При этом совсем другим было отношение к вероятному столкновению с западными державами, которое Гитлер не хотел исключать как последнее средство воздействия и которого так боялись его военные, хотя и не испытывали особого страха от будущей войны с Красной армией. С целью предотвращения войны с Западом диктатор был даже готов в августе 1939 г. в качестве политического блефа заключить со своим смертельным врагом формальный пакт. Если бы его расчеты оправдались, то нападение на Польшу могло перерасти в войну против Советского Союза. Это был один из многих вариантов развития событий в 1939 г.
Борьба с большевизмом была самым известным пропагандистским лозунгом Гитлера не только среди немецкого населения. На нем он строил, начиная с 1933 г., всю свою внешнюю и военную политику. С прекращением тайного сотрудничества с СССР, которое осуществляли рейхсвер и правительство Веймарской республики, перед Гитлером открылись новые конъюнктурные возможности в плане заключения союзов. Они должны были способствовать скорейшему развязыванию войны против России. Естественно, у него не было конкретной военной концепции. В этом деле он доверял, по крайней мере в 1930-е гг., своим генералам. Ведь они же, в конце концов, победили Красную армию в 1917 г. К тому же они получили и опыт военной интервенции в России в 1918–1920 гг.
«Мировоззренческие» идеи Гитлера, по крайней мере так, как они изложены в его книге «Майн кампф», выросли из хаотичного конгломерата праворадикальных лозунгов его времени. Из них он создал свою «ориентацию на Восток». Это была шаткая и противоречивая концепция, утопия, которая внутри нацистского движения допускала совершенно разные толкования, но не представляла собой никакой конкретной политической программы действий. Гитлер тоже сделал выводы из хода Первой мировой войны, что самый многообещающий для Германии путь к мировому господству ведет через Восток. Поэтому он и стремился в своих идеях опираться на победу германских войск в войне с царской Россией в 1917 г.

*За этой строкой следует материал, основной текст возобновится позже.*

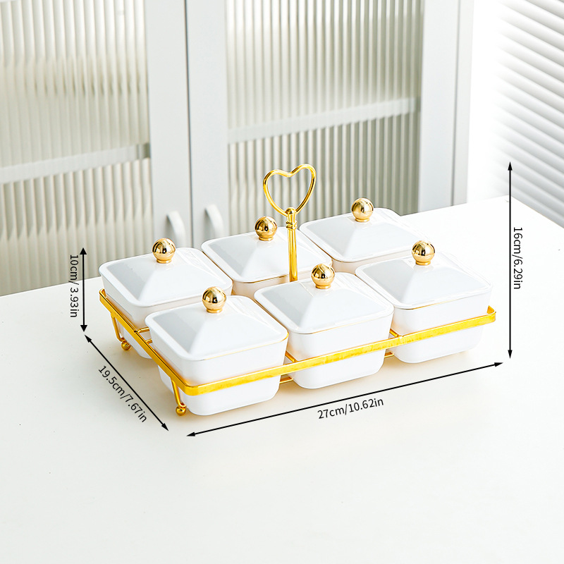 • 황금 복숭아 하트 사각 프레임 6개의 도자기 흰색 접시와 금구슬
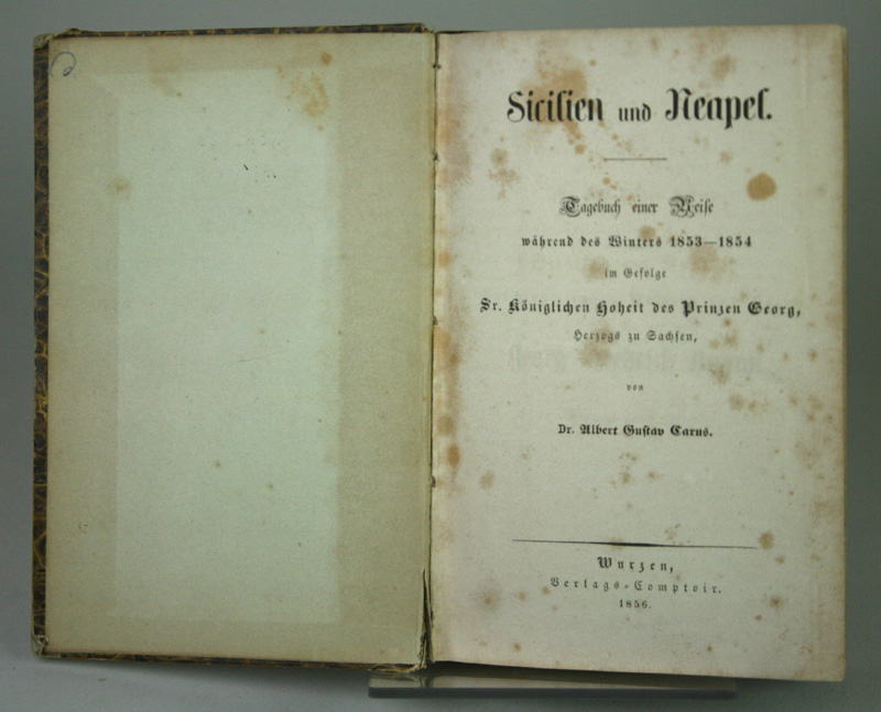 Sicilien und Neapel. Tagebuch einer Reise während des Winters 1853-1854 im Gefolge Sr. Königlichen Hoheit des Prinzen Georg, Herzogs zu Sachsen, von Albert Gustav Carus. Wurzen, Verlags-Comtoir, 1856. VIII, 484 S. 18 x 12,5 cm. Marmorierter Pappband d. Zt. - Seltene, einzig erschienene Ausgabe. - Einband stärker beschabt und bestoßen, Rücken mit Fehlstellen, Papier durchgehend stockfleckig. (Z2744)
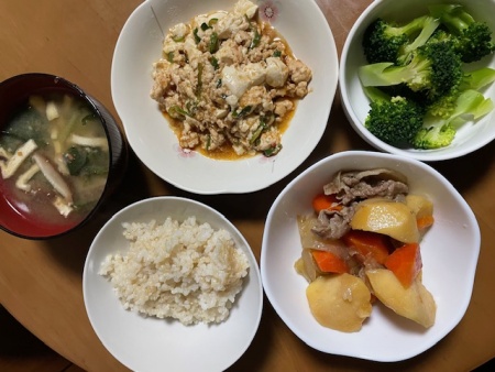 発芽玄米ご飯40g、ひきわり納豆、麻婆豆腐、肉じゃが、味噌汁、ブロッコリー、バナナ、アイス豆乳ラテ
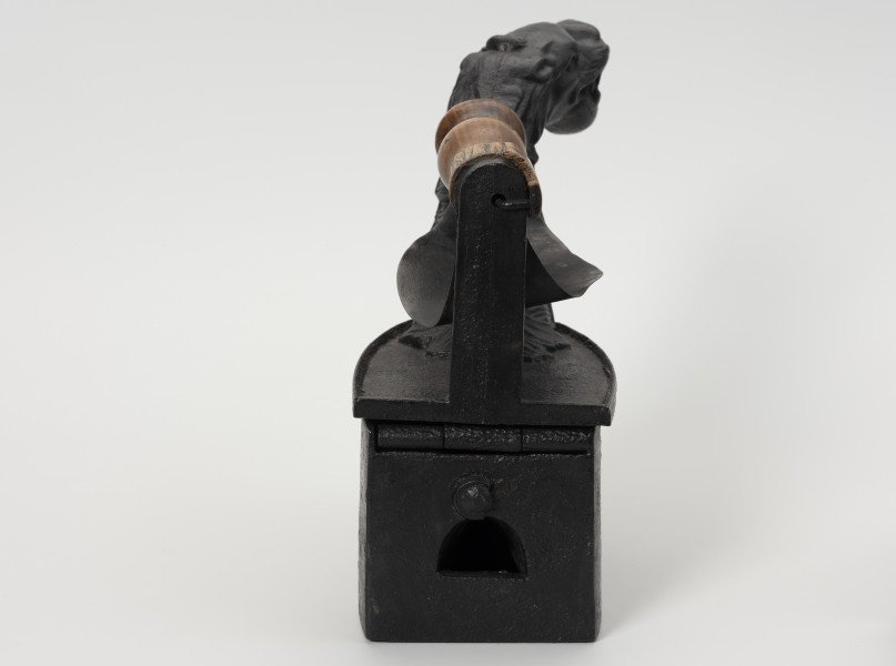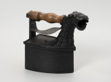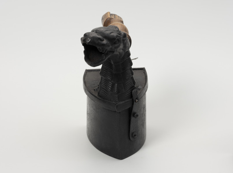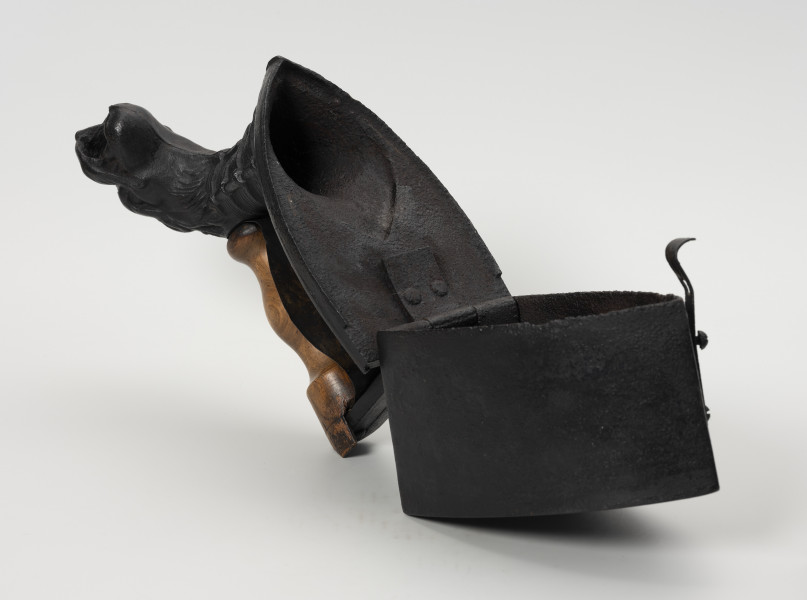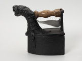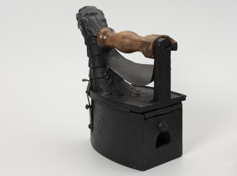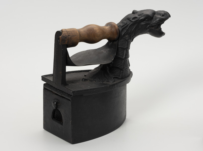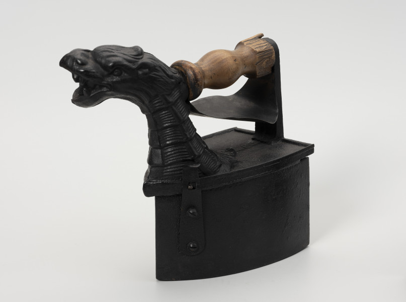 Irons are devices used for ironing, which means smoothing out wrinkles on fabric or leather through the application of heat and pressure. Before the invention of electric irons, one of the most commonly used types was the coal iron. These irons were heated to the required temperature by placing hot coals inside them. The drawback of this type of device was that ash from the iron could soil the fabric being ironed, and sparks could even burn it. Additionally, the person ironing was exposed to the harmful smoke produced by the burning coals. To address this, some coal irons had chimneys as an integral part, which directed the smoke away from the person ironing. In the ethnographic collections of the National Museum in Szczecin, there is a coal iron with a chimney shaped like a dragon's head. During ironing, the smoke would escape through the open mouth of the animal. The head is directed to the right, which suggests that the iron was intended for right-handed users. Such irons were also occasionally produced with the chimney facing the opposite direction – for left-handed users. At the back of the iron is a hole used to regulate the airflow into the device. The air supply increased when a flap (which has not survived) was opened. Increasing the airflow caused the coals to burn more intensely, raising the temperature of the iron. The handle is made of wood, and below it is a metal plate that protects the hand from the heat emitted by the iron. The size and weight of the iron indicate that it was used to press thick fabrics. Agnieszka Słowińska
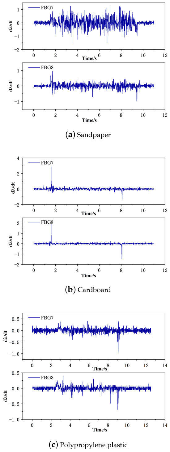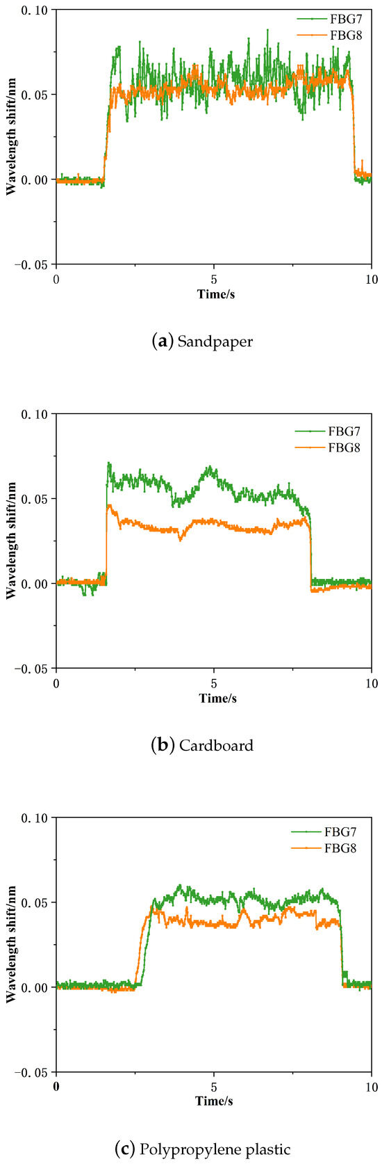Figure 17 illustrates the effect of sliding detection with different sensing materials. As the intelligent-driven small car moves, various parts of the polymer elastomer undergo expansion and contraction, causing corresponding changes in the center wavelength of each fiber Bragg grating embedded inside the encapsulation. Figure 17 demonstrates that the distinct changes in the center wavelength of the fiber Bragg grating can clearly distinguish between the stages of pre-sliding, sliding, and post-sliding. Moreover, the friction varies depending on the sensing material in contact during sliding, leading to different behaviors. Consequently, the center wavelength offset of the fiber Bragg grating during the sliding process when in contact with samples of different material properties can vary. In other words, we can determine the surface material properties being sensed by analyzing the signal of the center wavelength offset during the sliding process.
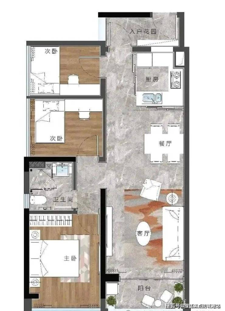 79平方米三房户型为竖厅设计,厅出阳台且阳台朝南,进深超过10米,确保了充足的采光。115平方米四房户型则采用了横厅设计,虽然过道较长浪费了一定面积,但主卧和次卧的门正对着客厅,私密性稍差。
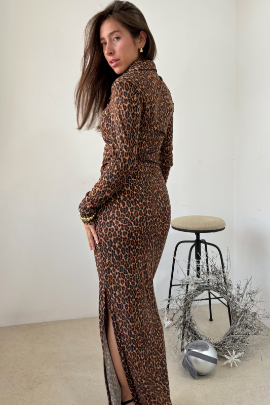 Set en dos piezas en tela ligera strech con estampado felino, blusa tipo polo con manga larga y botones al frente; falda largo midi con elástico en cintura y apertura alta en pierna.
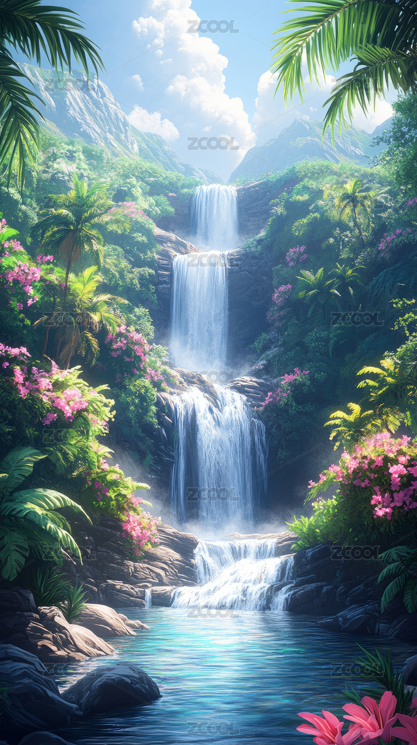 热带雨林瀑布景观图
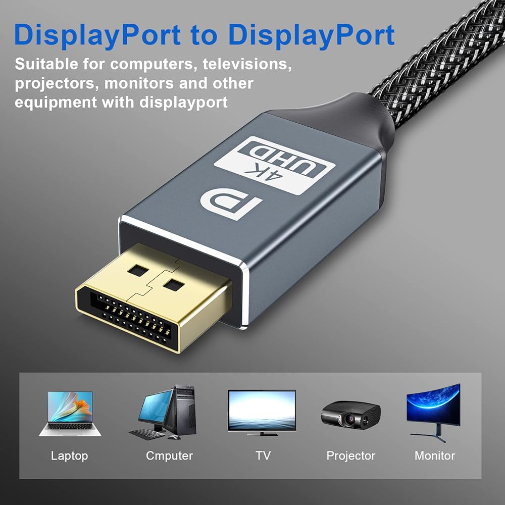 Veetop Displayport to Displayport Cable 2m/6.5FT 1.2 DP 4K@60Hz, 2K@165Hz, 2K@144Hz Vesa Certified High Speed DisplayPort Cord with Nylon Braided for Monitor Laptop PC TV etc-
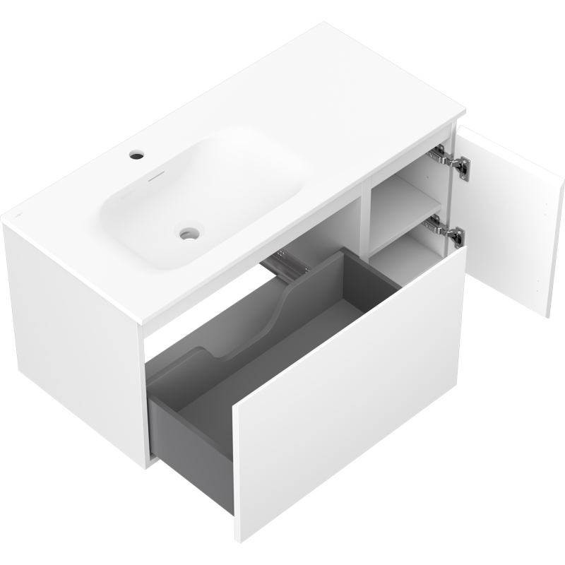 Mexen Orio koupelnová skříňka 90 cm s umyvadlem Vela vlevo, 1S, 1D, matná bílá - 91A13-09047-3-BBFF01-W23L01
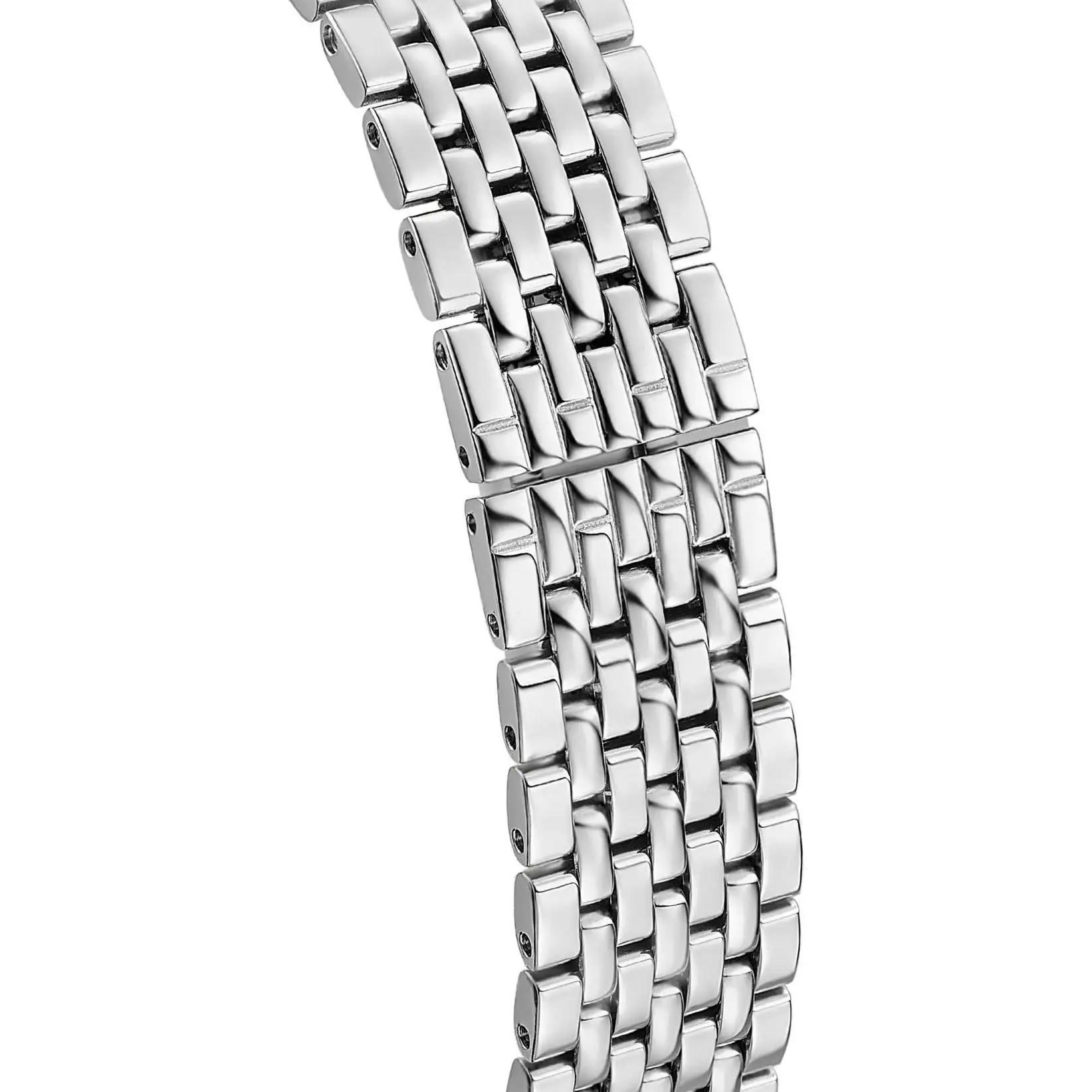 Stalowa bransoleta o drobnych ogniwach płynnie przechodzi w kopertę, tworząc spójną i komfortową konstrukcję, a zapięcie motylkowe zapewnia wygodę oraz estetyczne wykończenie bez widocznych elementów. Szafirowe szkło chroni tarczę przed zarysowaniami, dzięki czemu zegarek zachowuje swój nienaganny wygląd przez długi czas. W środku obudowy zainstalowany jest szwajcarski mechanizm Ronda, który gwarantuje bardzo dobre odmierzanie czasu. To klasyczny, kobiecy model Swiss Made, który łączy precyzję wykonania z ponadczasowym stylem i naturalną lekkością noszenia.
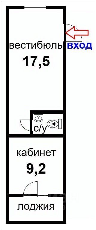 В помещении 2 комнаты: 17,5 и 9,2 кв.м, санузел 1,6 кв.м, лоджия 2,9 кв.м.
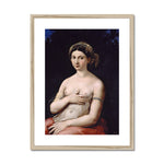 The subject, Margherita, is portrayed in a semi-nude state, seated against a dark, neutral background that effectively highlights her form. She wears a delicate headscarf adorned with pearls and a thin, transparent piece of fabric draped around her shoulders, teasingly leaving her upper body mostly exposed. Her right hand rests gently over her left breast, while her left arm, adorned with a band bearing the artist’s name ("Raphael Urbinas"), wraps sensuously around her waist. The skin’s luminosity and texture are meticulously rendered, exemplifying Raphael’s unrivaled skill in depicting the human form.
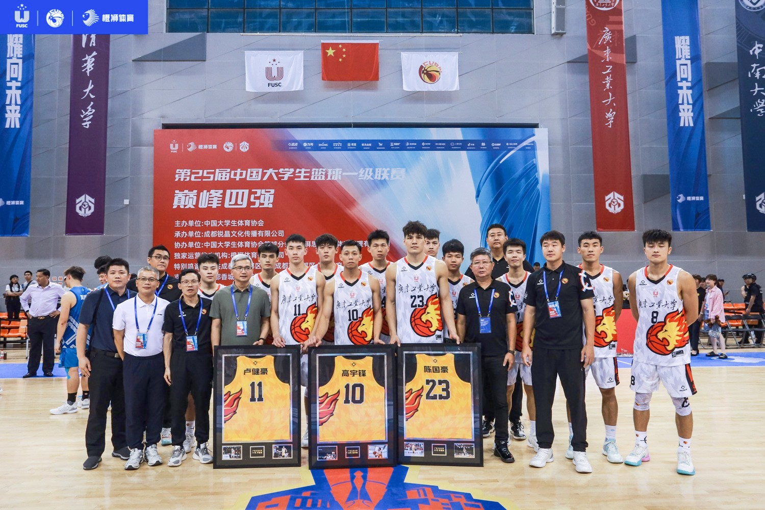 当天还举行了退役仪式,广工高宇锋、卢健豪、陈国豪分别领到赛会颁发的leyu乐鱼·官方web站登录入口10号、11号、23号球衣作为参赛纪念。
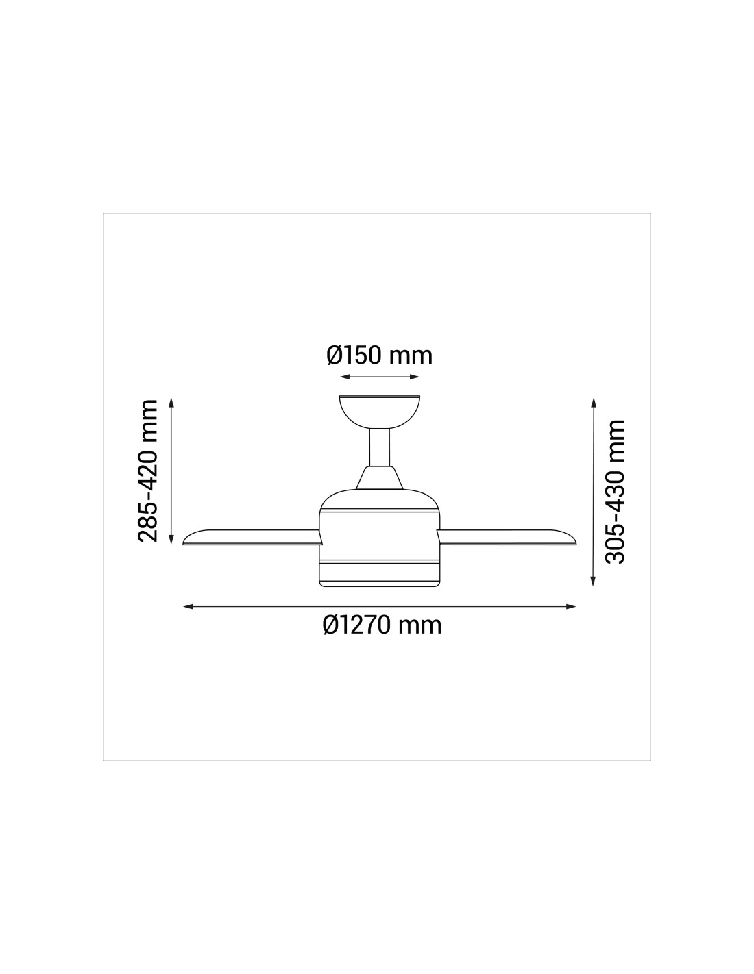 Die Leuchte hat eine maximale Leistung von 20W, bietet 2.000 Lumen und eine einstellbare Farbtemperatur (2700K - 3300K - 4000K). Sein Schutz IP20 macht ihn zum perfekten Deckenventilator für den Innenbereich wie Küchen, Wohnzimmer oder Schlafzimmer.
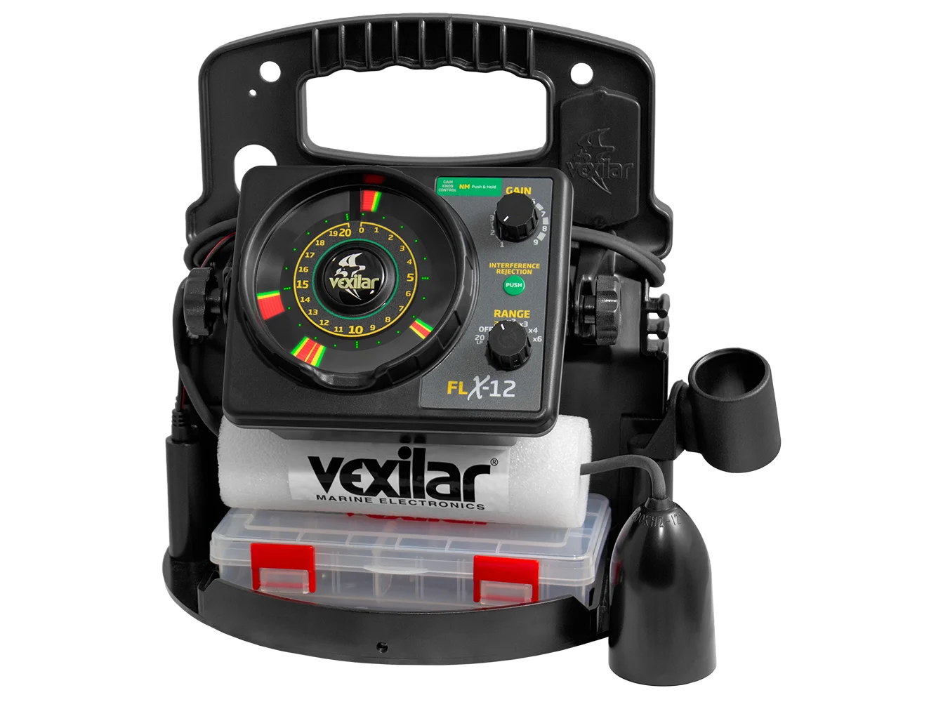 A Pro Pack carry case fits into a five gallon bucket for transport and offers a rod holder and tackle box too. When you put the FLX-12 using Vexilar’s brushless data transfer technology, you get a sunlight readable display with a built in low power mode and ranges to 120 feet. This pack is ready for the ice right out of the package with a 12 degree Ice Ducer transducer.
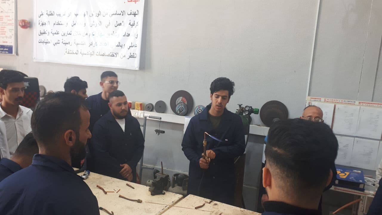 جانب من المحاضرات العملية لورشة اللحام لطلبة قسم هندسة تقنيات التكييف والتبريد حيث تدرب الطلبة على اجراء اللحام الغازي بأستخدام غازي الاوكسي استلين والمستخدم في التطبيقات الصناعية لمجال التكييف والتبريد
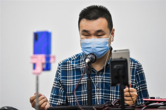 18岁的金虎平是一名盲人,在一家按摩店做按摩师,疫情期间一直在老家荆门休息。从4月20日开始,他的生活回到了学校作息时间——每天上午9点至12点,下午2点至4点半,金虎平都要通过“钉钉“App的直播平台打卡签到,在线学习。
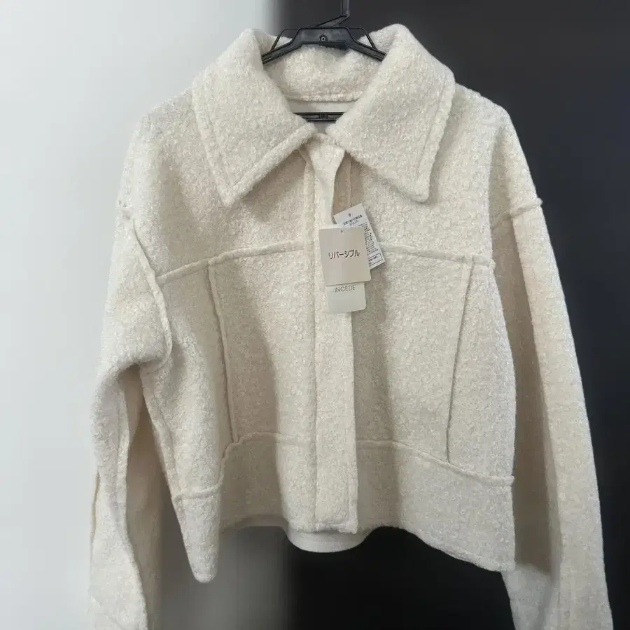 부드러운 폴리에스테르 소재의 카라 부착 크롭 자켓.

Однако корни плана «Барбаросса», восточной войны Гитлера 1941 г., уходят намного глубже. Как уже говорилось выше, идея войны Германии против России возникла еще в конце XIX века. Решающее значение для этого имела вероятность ведения войны на два фронта. Такая стратегическая ситуация нашла свое продолжение в политико-идеологической трескотне. Но образы врага, создававшиеся на культурном и расистском уровнях, а также имперские интересы в экономике не могли стать неотложным мотивом военного противостояния. Генеральный штаб занялся трезвой аналитической работой. Русская армия, несмотря на ее численное превосходство, могла представлять серьезную угрозу только в том случае, если рейху придется вести войну на два фронта. В соответствии с оперативными идеями германских сухопутных войск, в этом случае важно было нанести русской армии решительный удар в приграничном сражении и заполучить свой «залог» — при удобной возможности отобрать у царской России Прибалтику и Украину как «жизненно важные источники» — и продиктовать затем свои условия заключения мира. Наступление на Москву, т. е. вглубь России, было бы контрпродуктивным и опасным.
Здесь в качестве устрашающего фактора послужил не только пример Наполеона в 1812 г. Если такое решение придется принимать в ходе войны на Западе, сражаясь с Францией, то германские войска ни в коем случае не должны быть связаны на широких просторах России.
С принятием плана Шлиффена кайзеровская Германия наконец определилась с тем, что основная масса сухопутных войск вначале будет задействована на Западе в определяющем ход войны сражении, а затем — развернута на Восток. Но война протекала иначе. Наступление на Западе перешло в окопную войну, а оборонительное сражение незначительными силами с русской армией в Восточной Пруссии принесло неожиданный успех. Но и здесь, на польских землях, вначале все развивалось как кровопролитная война на истощение, пока немцам, благодаря их новой политической стратегии, не удалось ускорить крах Российской империи изнутри. Несмотря на антиславянскую пропаганду и пангерманскую идеологию «расовой борьбы», военному командованию удалось проводить трезвую стратегию с целью разложения противника. Неоценимую помощь Германии в долгожданном прорыве фронта в 1917–1918 гг. оказали поддержка Ленина и его революции, а также союз с нерусскими народами, стремившимися к самостоятельности. Крушение русского фронта и соглашение с новым, слабым центром власти открывали возможности для проведения широкомасштабных операций вплоть до нефтяных промыслов Кавказа. Наступление на Москву было излишним, поскольку правившие там большевики гражданской войной сами стремились еще больше ослабить центральные районы.